А на крепостной башне, над воротами в это время появился высокого роста старик с развевающейся седой бородой. Он был один — сутуловатый, суровый, костистый, с большой подзорной трубой в руке. Долго, очень долго он осматривался в эту трубу, и красное осеннее солнце играло в его латах, в наплечниках, в пластинках шлема.
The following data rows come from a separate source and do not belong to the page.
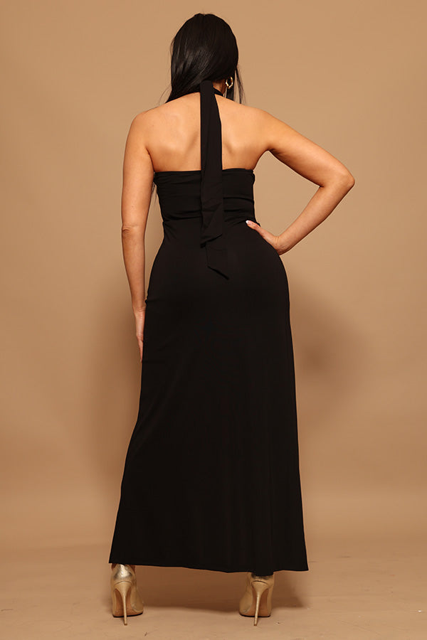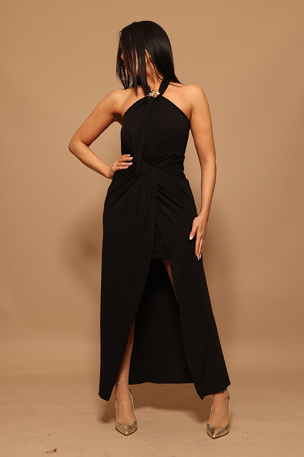 Robe longue au tombé fluide, sublimée par un bijou délicat au niveau du cou qui apporte une touche élégante et raffinée.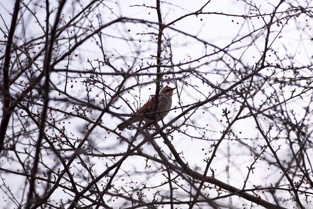 小田代原の遊歩道を歩いていると、ズミの実を食べに冬鳥のツグミがやってきていました。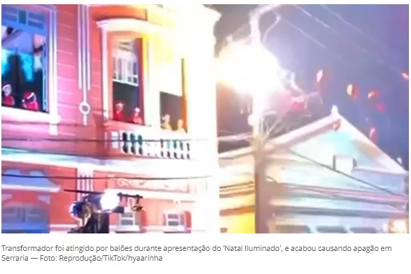 Balões soltos por atores que encenavam a peça ‘Natal Iluminado’, para celebrar a chegada da iluminação natalina, atingiram rede elétrica. Evento aconteceu normalmente após interrupção por cerca de uma hora. Um evento pensado para celebrar a chegada da iluminação natalina na cidade de Serraria, no Brejo paraibano, acabou com um apagão após dois fusíveis de um […]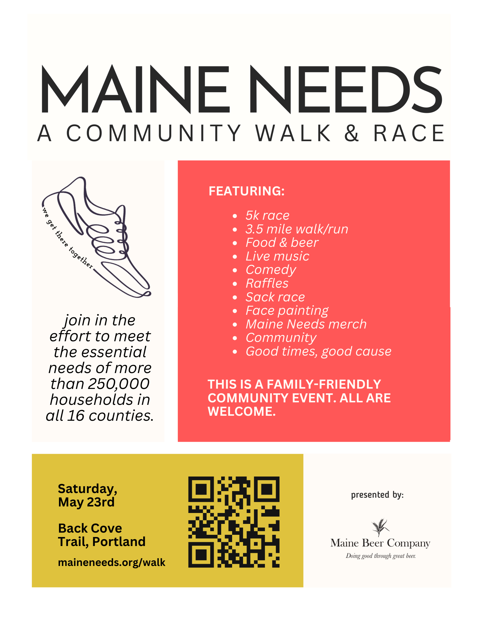All proceeds will go to Maine Needs to help support our mission of providing basic material goods for individuals and families throughout Maine.

— Кто таков? — спросил Петр.

— Дружок нашему фельдмаршалу! — усмехнулся Репнин. — Брат того Шлиппенбаха, которого он все сие время по Лифляндии гонял. Осматривается. Смотрит — и не верит! Нет, господин Шлиппенбах, так оно и есть. Худо вам, вовсе худо…

Опустив трубу, старик еще постоял, потом махнул длинной рукой и совсем сгорбился. А на башне, где только что развевался шведский флаг со львом, стала медленно подниматься косо оторванная белая тряпка…

— Виктория! — тихо сказал Петр. — Кончены шведы, Аникита Иванович.

— Здесь кончены! — осторожно ответил Репнин.

Генерал-фельдмаршал Шереметев в это самое время, осторожно ступая ушибленной в баталии ногой, спускался к лодке. Он был так же спокоен, как и тогда, когда Рябов вез его на остров, только лицо его потемнело от копоти да во всех движениях видна была усталость. За ним в верейку сели Меншиков и Сильвестр Петрович. Все молчали. Рябов сильно навалился на весла, пошел обходить фрегаты и скопившиеся здесь лодьи. Уже неподалеку от своего берега Борис Петрович сказал с усмешкой:

— Намахался я саблей-то. С отвычки все жилочки ноют. А может, и старость на дворе, — как разумеешь, Сильвестр Петрович? Беспокойно живем…

Сильвестр Петрович ответил, набивая трубочку:

— Да и то не дети, господин генерал-фельдмаршал…

— Не дети, не дети, а человек с дюжину порубил! — сказал Меншиков. — Меня, братие, голыми руками не возьмешь. Один, вижу, бежит, выпучился, шпажонку вон как вздел…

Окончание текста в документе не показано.